And the stallion responded, scudding through the blue moonlight with a speed that seemed beyond the power of flesh to attain. He shook his fine head and stretched out the long nose as though the very act of thrusting it farther would give more impetus to his thundering hoofs.
VB sat erect in the saddle, a fierce delight aroused by the speed running through his veins like fire—and, reaching to his throat, adding to the scorching. He swung his right hand rhythmically, keeping time to the steady roll of the stallion's feet. The wind tore at him, vibrating his hat brim, whipping the long muffler out from his neck, and he shook his head against it.
He was free at last! Free after those months of doubt, of foolish fighting! He was answering the call that came from the depths of his true self—that hidden self—the call of flesh that needs aid! He cared not for the morrow, for the stretching future. His one thought was on the now—on the rankling, eating, festering moment that needed only one thing to be wiped out forever.
And always, in the back of his mind, was the picture of Gail Thorpe as she had turned from him that afternoon. It loomed large and larger as he tore on to the south through the solitude, ripping his way through the cool murk.
"I won't put my mark on her!" he cried, and whipped the Captain's flanks with his heavy hat, the thought setting his heart flaming. "I won't!" he cried.

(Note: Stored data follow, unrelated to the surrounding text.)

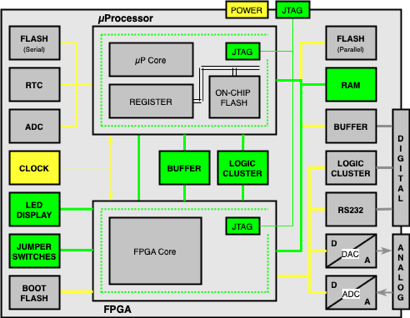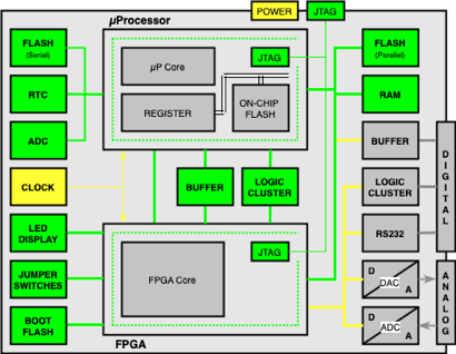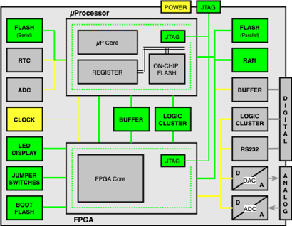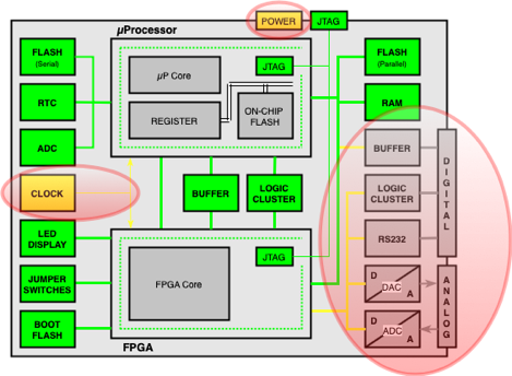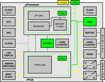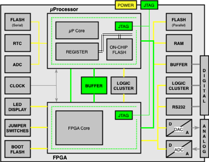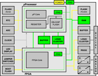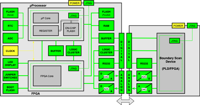 including two Boundary Scan Devices, - one µProcessor and one FPGA - and several Non- Boundary Scan Devices and different types of Interfaces (POWER, JTAG, DIGITAL, ANALOG)
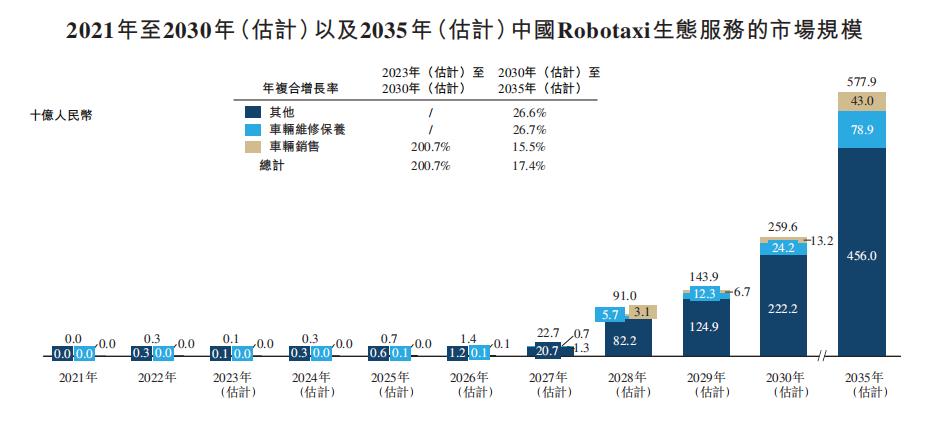2021-2035年中国Robotaxi生态服务市场规模预测,图源如祺出行招股书
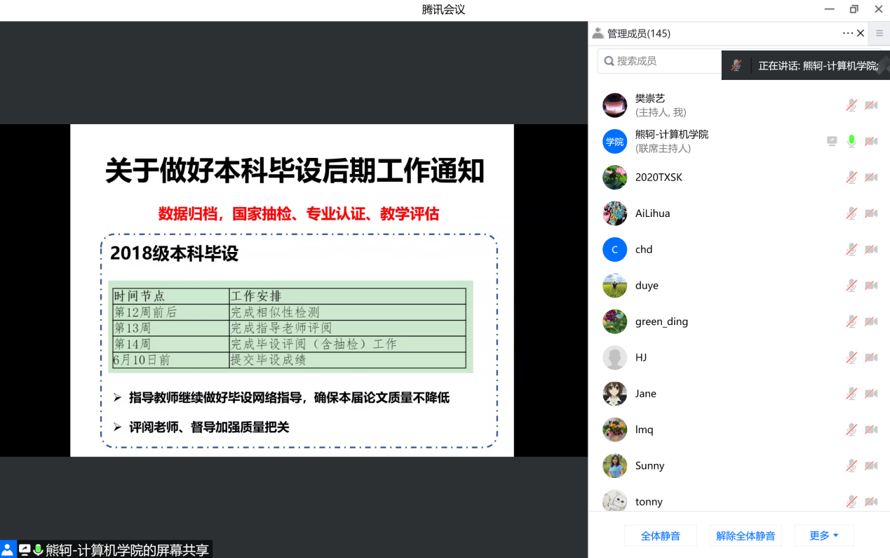 之后熊轲通报了前9周线上教学督导和学生的调研结果,强调当前疫情态势依然严峻,随着本学期线上教学活动的持续,学生、家长和老师都出现了一定程度的焦虑情绪,全院教师要重视线上课堂教学质量、加强与学生的在线互动及答疑、积极配合校院两级督导的听课和指导、及时向学院反馈线上教学出现的新情况,课程负责人要组织任课教师团队针对课程特点进行线上教学研讨、提前做好期末线上考试的预案,本科毕业设计导师要切实做好对学生的指导和毕设论文工作质量的把关,并对近期学院教学工作重点进行了说明和具体部署。他还指出,老师们要以本次专业认证为契机,深化对本科人才培养质量的理解,进一步规范课程的教学活动,把学院本科教学工作质量推向新的高度。
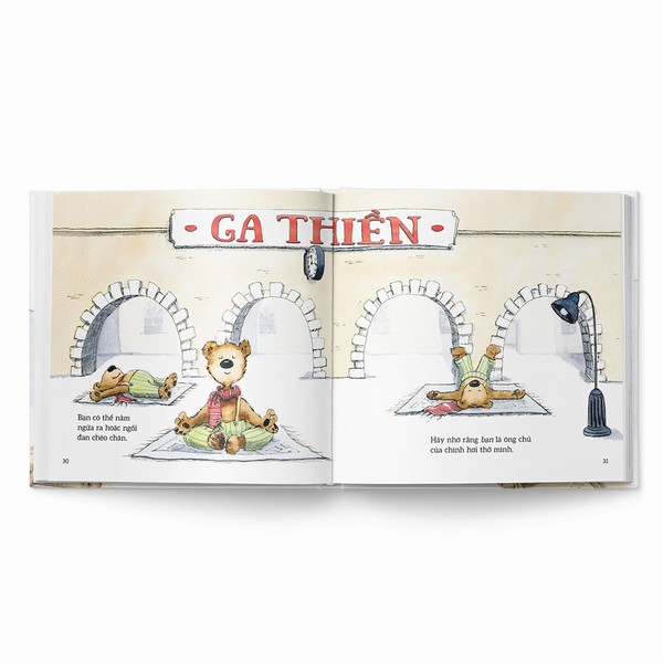 Còn với tác phẩm “Ga thiền” là chuyến tàu của nội tâm mà thông qua đó, trẻ có thể học cách quan sát những toa tàu cũng chính là quan sát những suy nghĩ bận rộn, những cảm giác khó chịu và thất vọng của bản thân mình. Và rồi chỉ cần vẫy tay chào tạm biệt với tâm trí đang nhảy nhót bằng cách có mặt với hơi thở và cơ thể, trẻ có thể tìm lại sự bình an tĩnh lặng bên trong.
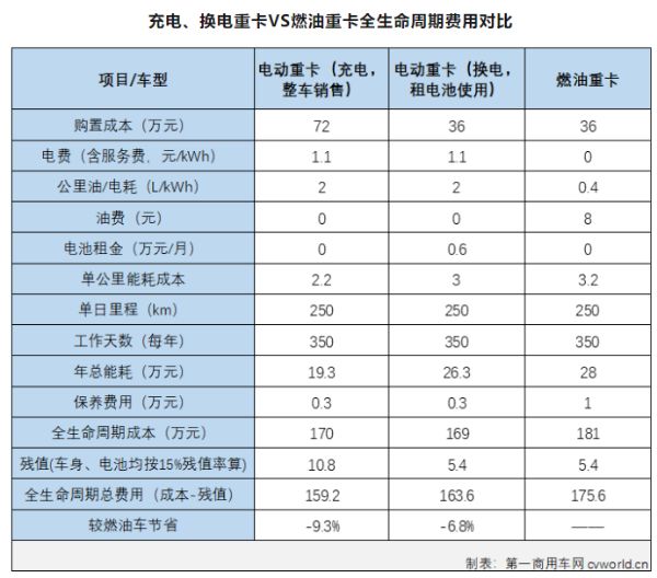 按照第一商用车网的数据,在5年的全生命周期,油价8元/升,单日里程250公里的假设条件下,充电重卡或者换电重卡的性价比已经优于燃油重卡。

And again, "I won't!"
He was riding down into his particular depths so to stultify himself that it would be impossible to risk that woman's happiness against the chance that some time, some day, he would go down, loving her, making her know he loved her, but fighting without gain. That, surely, is one sort of love, faulty though the engendering spirit may be.
The whipping with the hat sent the horse on to still greater endeavor. A slight weariness commenced to show in the ducking of his head with every stride, but he did not slacken his pace. His ears were still set stiffly forward, flipping back, one after the other, for word from his rider; the spurn of his feet was still sharp and clear and unfaltering; the spirit in that rippling, dripping body still ran high.
And closing his eyes, drinking the night air through his mouth in great gulps, VB let the animal carry him on and on,—yet backward, back into the face of all that fighting he had summoned, doubling on his own tracks, slipping so easily down the way he had blazed upward with awful sacrifice and hardship.
An hour—two—nine—eleven—the Captain might have been running so a week, and VB would not have known. His mind was not on time, not on his horse. He had ceased to think beyond the recognition of a craving, a craving that he did not fight but encouraged, nursed, teased—for it was going to be satisfied!
The stallion's pace began to slacken. He wearied. The bellows lungs, the heart of steel, the legs of tireless sinew began to feel the strain of that long run. The run waned to a gallop, and the gallop to a trot. There his breathing becoming easier, he blew loudly from his nostrils as though to distend them farther and make way for the air he must have.